Task details
Copy exactly the lines of the data below, beginning with the line with "Модуль дисплея OLED со" and ending with the line with "Lampada da tavolo". Pictures are to be omitted.

Dataset items:
===

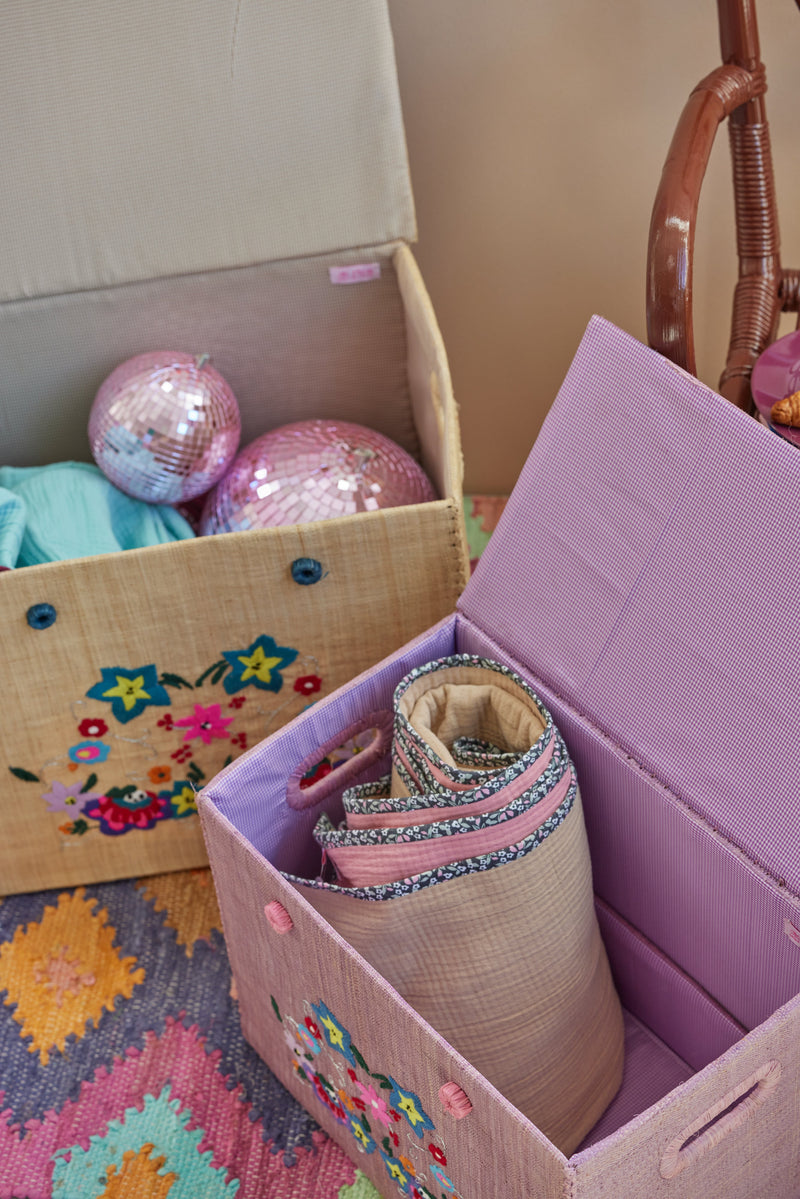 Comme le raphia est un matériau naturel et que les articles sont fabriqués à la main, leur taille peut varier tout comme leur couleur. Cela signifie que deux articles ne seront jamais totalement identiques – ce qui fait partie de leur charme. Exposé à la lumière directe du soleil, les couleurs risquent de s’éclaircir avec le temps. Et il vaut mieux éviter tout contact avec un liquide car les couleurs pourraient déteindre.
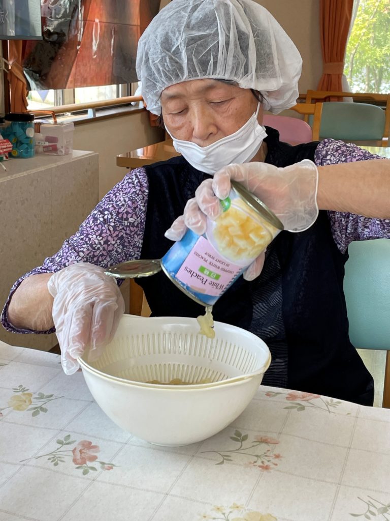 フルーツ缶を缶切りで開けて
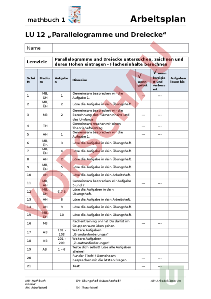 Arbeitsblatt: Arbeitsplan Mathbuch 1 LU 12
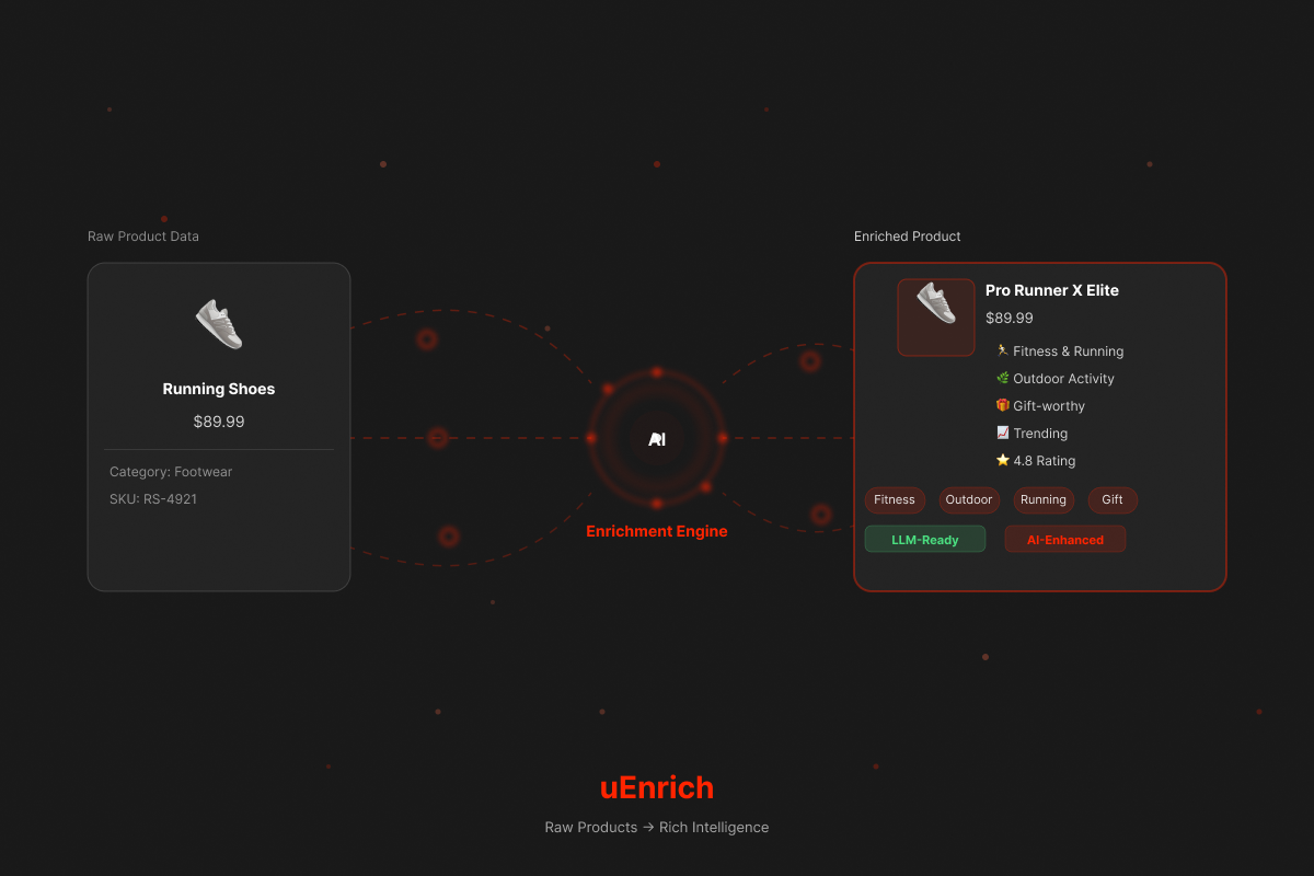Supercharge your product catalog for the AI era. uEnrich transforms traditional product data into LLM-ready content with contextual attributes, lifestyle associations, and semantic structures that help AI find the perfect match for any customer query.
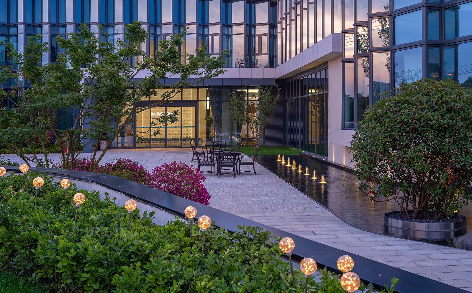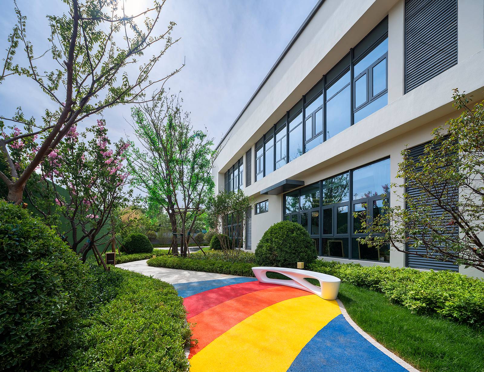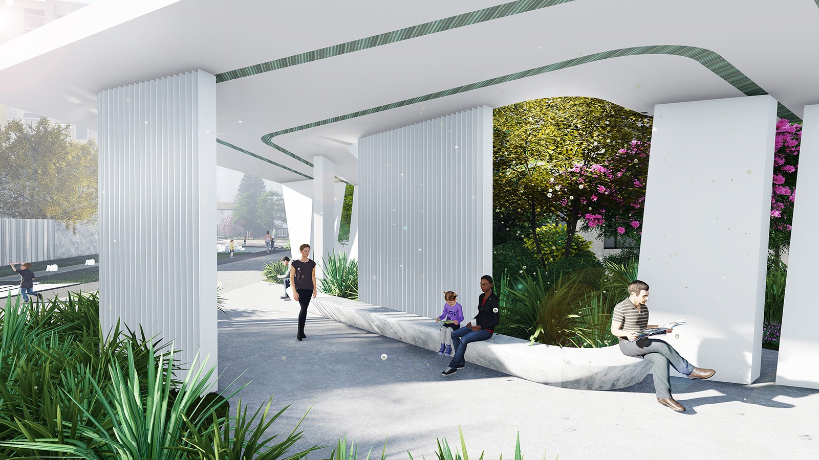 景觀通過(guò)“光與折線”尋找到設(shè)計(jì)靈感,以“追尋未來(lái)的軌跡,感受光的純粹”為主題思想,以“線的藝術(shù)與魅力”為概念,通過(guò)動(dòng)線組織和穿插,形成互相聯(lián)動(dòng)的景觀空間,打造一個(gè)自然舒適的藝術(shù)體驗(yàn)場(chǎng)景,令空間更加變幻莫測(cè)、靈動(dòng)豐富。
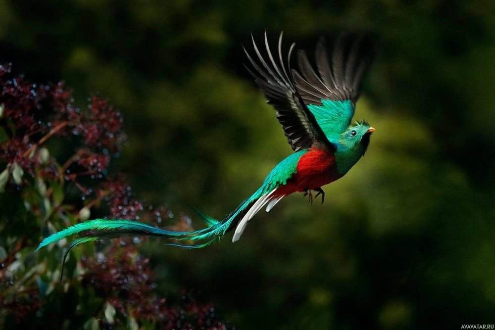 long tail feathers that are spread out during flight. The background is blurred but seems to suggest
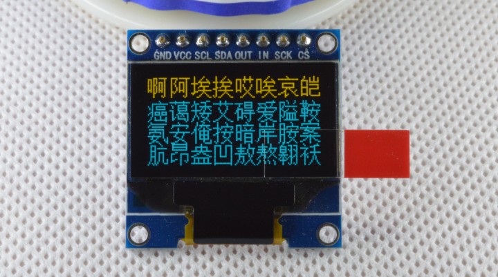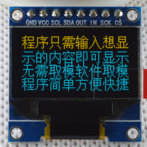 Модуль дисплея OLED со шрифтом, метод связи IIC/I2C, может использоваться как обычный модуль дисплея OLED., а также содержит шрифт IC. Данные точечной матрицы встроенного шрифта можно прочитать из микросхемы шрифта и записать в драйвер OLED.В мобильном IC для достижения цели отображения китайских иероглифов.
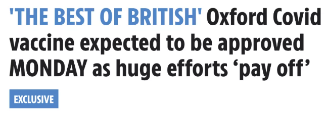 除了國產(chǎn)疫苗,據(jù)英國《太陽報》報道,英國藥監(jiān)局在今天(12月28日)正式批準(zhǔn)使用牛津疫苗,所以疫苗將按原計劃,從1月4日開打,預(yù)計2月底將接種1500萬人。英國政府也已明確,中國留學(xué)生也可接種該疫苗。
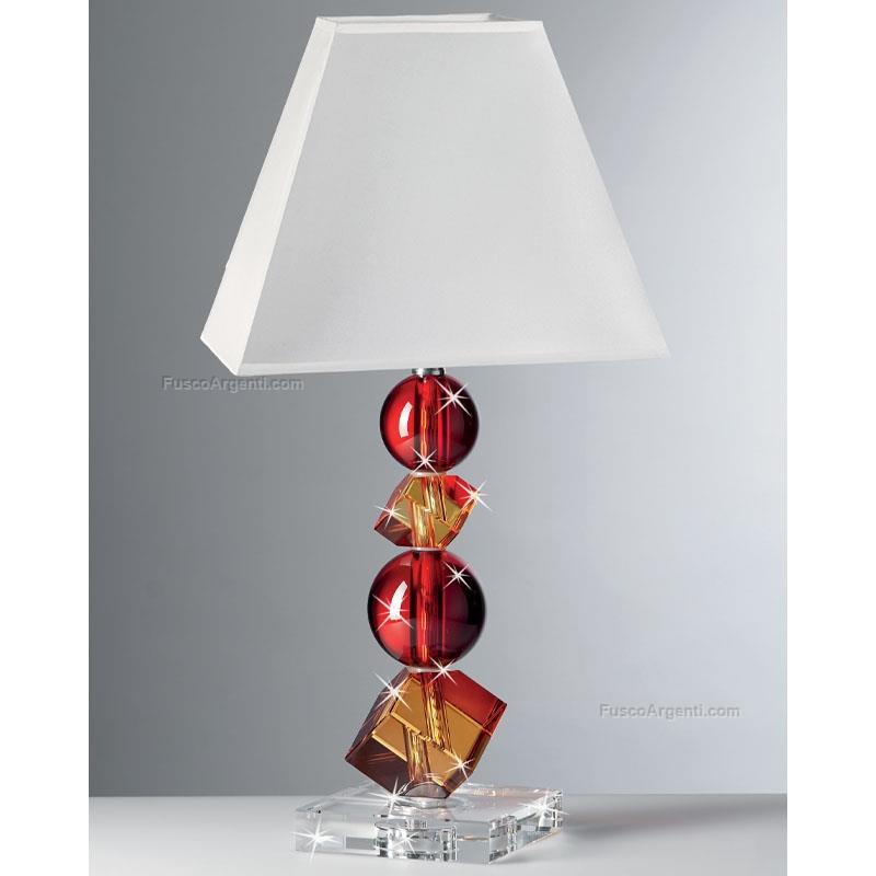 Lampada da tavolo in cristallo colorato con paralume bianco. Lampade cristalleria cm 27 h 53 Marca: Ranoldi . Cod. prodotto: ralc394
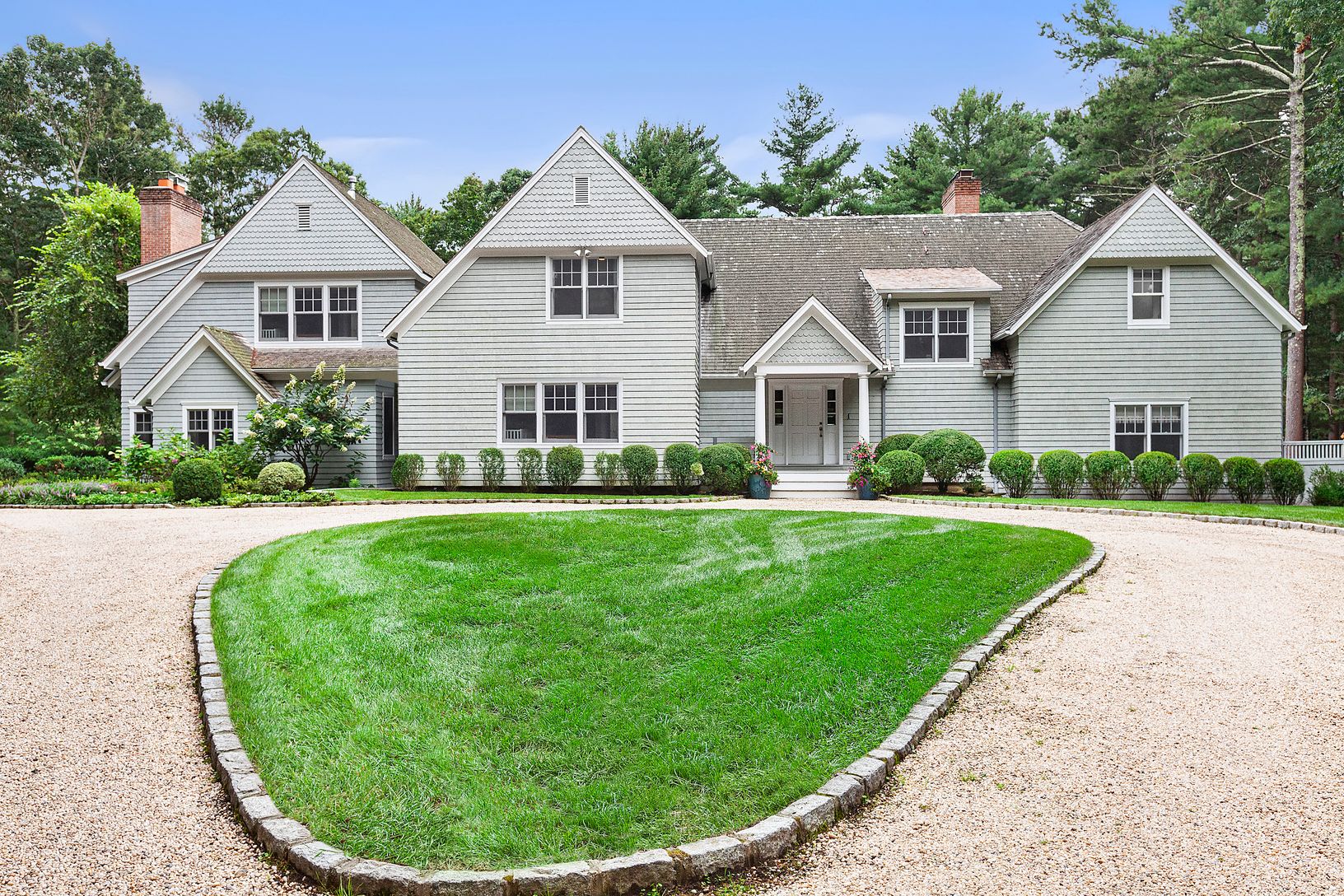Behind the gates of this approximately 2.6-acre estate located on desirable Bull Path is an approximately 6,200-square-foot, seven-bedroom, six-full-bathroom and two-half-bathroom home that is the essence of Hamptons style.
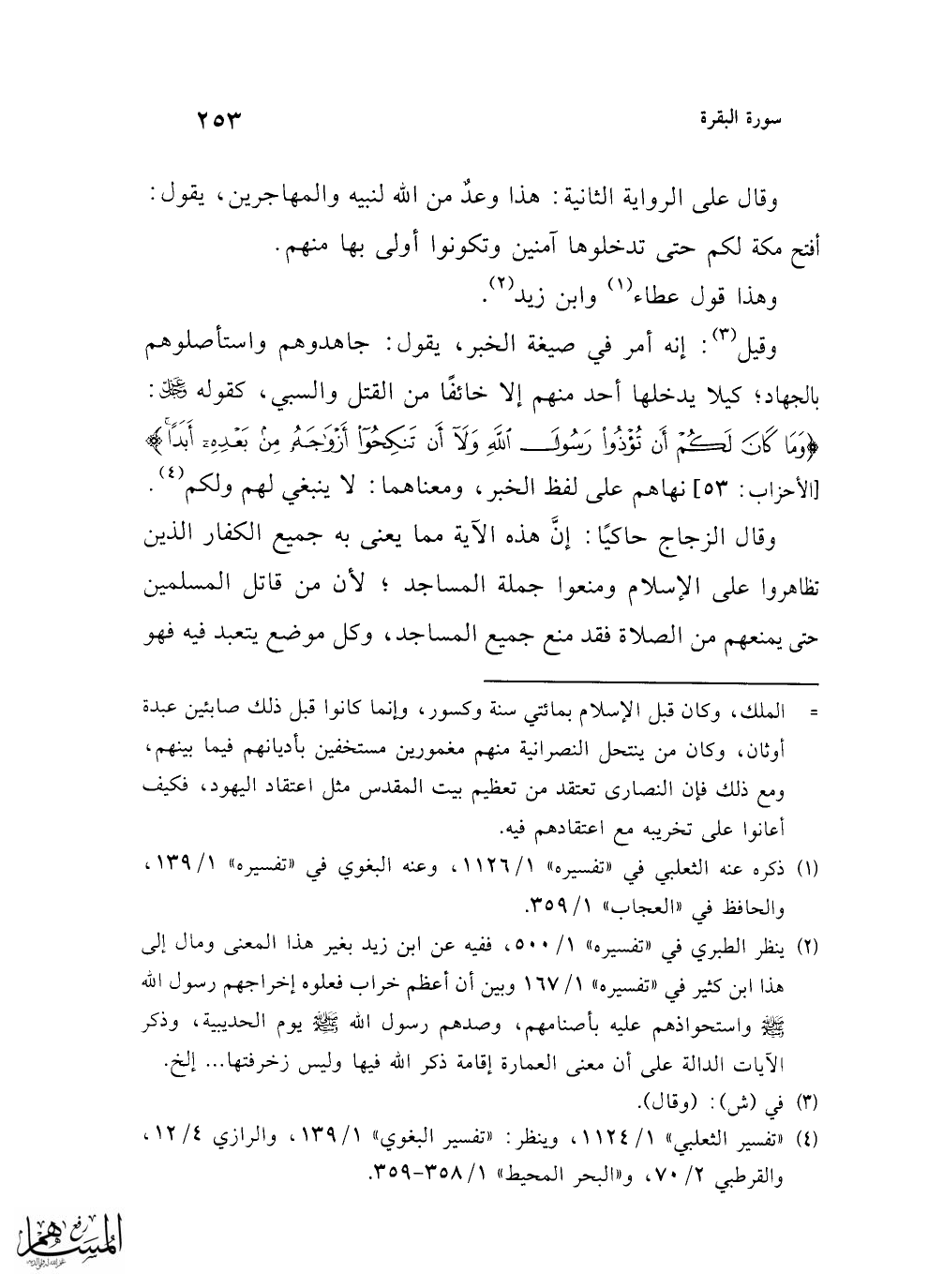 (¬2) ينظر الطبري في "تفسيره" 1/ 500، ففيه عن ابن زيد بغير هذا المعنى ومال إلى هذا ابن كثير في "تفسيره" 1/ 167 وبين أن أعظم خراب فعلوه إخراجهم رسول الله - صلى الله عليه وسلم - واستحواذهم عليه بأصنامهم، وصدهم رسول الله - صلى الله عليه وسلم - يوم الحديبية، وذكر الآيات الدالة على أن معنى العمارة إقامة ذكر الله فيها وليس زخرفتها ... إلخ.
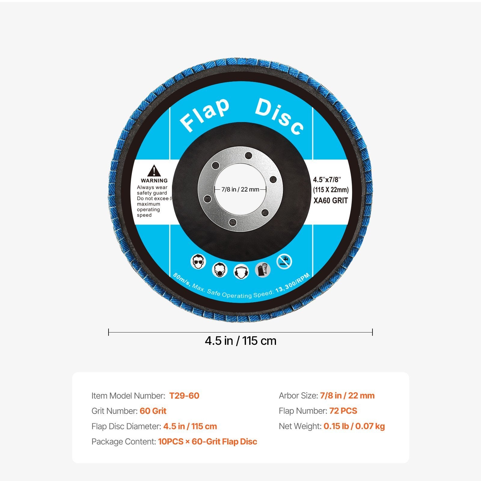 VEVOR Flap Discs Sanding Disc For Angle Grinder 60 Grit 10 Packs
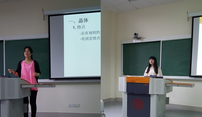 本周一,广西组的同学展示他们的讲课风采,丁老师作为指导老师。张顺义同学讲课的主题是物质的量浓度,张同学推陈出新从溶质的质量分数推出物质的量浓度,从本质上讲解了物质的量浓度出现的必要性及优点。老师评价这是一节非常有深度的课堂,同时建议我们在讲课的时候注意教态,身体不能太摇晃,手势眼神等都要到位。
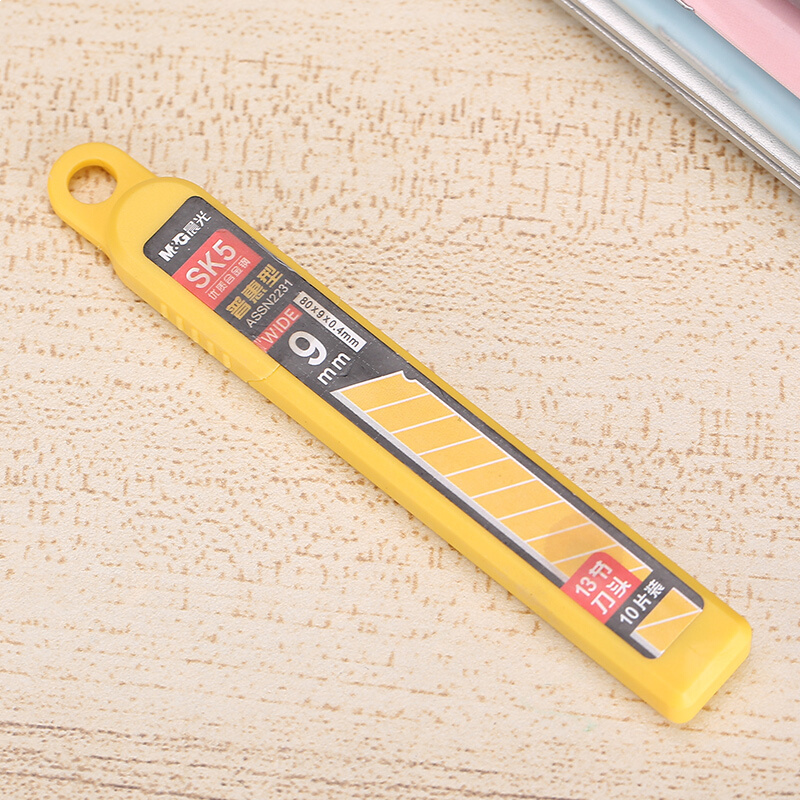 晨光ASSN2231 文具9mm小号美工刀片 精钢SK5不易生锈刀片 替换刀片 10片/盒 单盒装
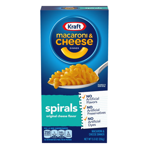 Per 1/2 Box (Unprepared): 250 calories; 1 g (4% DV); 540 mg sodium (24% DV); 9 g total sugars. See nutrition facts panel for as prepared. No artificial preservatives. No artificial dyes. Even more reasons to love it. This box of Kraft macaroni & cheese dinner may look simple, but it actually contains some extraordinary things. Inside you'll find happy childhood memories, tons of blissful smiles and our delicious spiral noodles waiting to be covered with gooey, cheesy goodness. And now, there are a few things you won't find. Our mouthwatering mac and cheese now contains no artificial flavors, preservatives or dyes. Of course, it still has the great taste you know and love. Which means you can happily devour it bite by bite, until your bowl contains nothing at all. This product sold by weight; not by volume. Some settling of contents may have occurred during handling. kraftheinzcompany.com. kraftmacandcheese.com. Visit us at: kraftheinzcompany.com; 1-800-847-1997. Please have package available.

===

Solution to this exercise
 Модуль дисплея OLED со шрифтом, метод связи IIC/I2C, может использоваться как обычный модуль дисплея OLED., а также содержит шрифт IC. Данные точечной матрицы встроенного шрифта можно прочитать из микросхемы шрифта и записать в драйвер OLED.В мобильном IC для достижения цели отображения китайских иероглифов.
 除了國產(chǎn)疫苗,據(jù)英國《太陽報》報道,英國藥監(jiān)局在今天(12月28日)正式批準(zhǔn)使用牛津疫苗,所以疫苗將按原計劃,從1月4日開打,預(yù)計2月底將接種1500萬人。英國政府也已明確,中國留學(xué)生也可接種該疫苗。
 Lampada da tavolo in cristallo colorato con paralume bianco. Lampade cristalleria cm 27 h 53 Marca: Ranoldi . Cod. prodotto: ralc394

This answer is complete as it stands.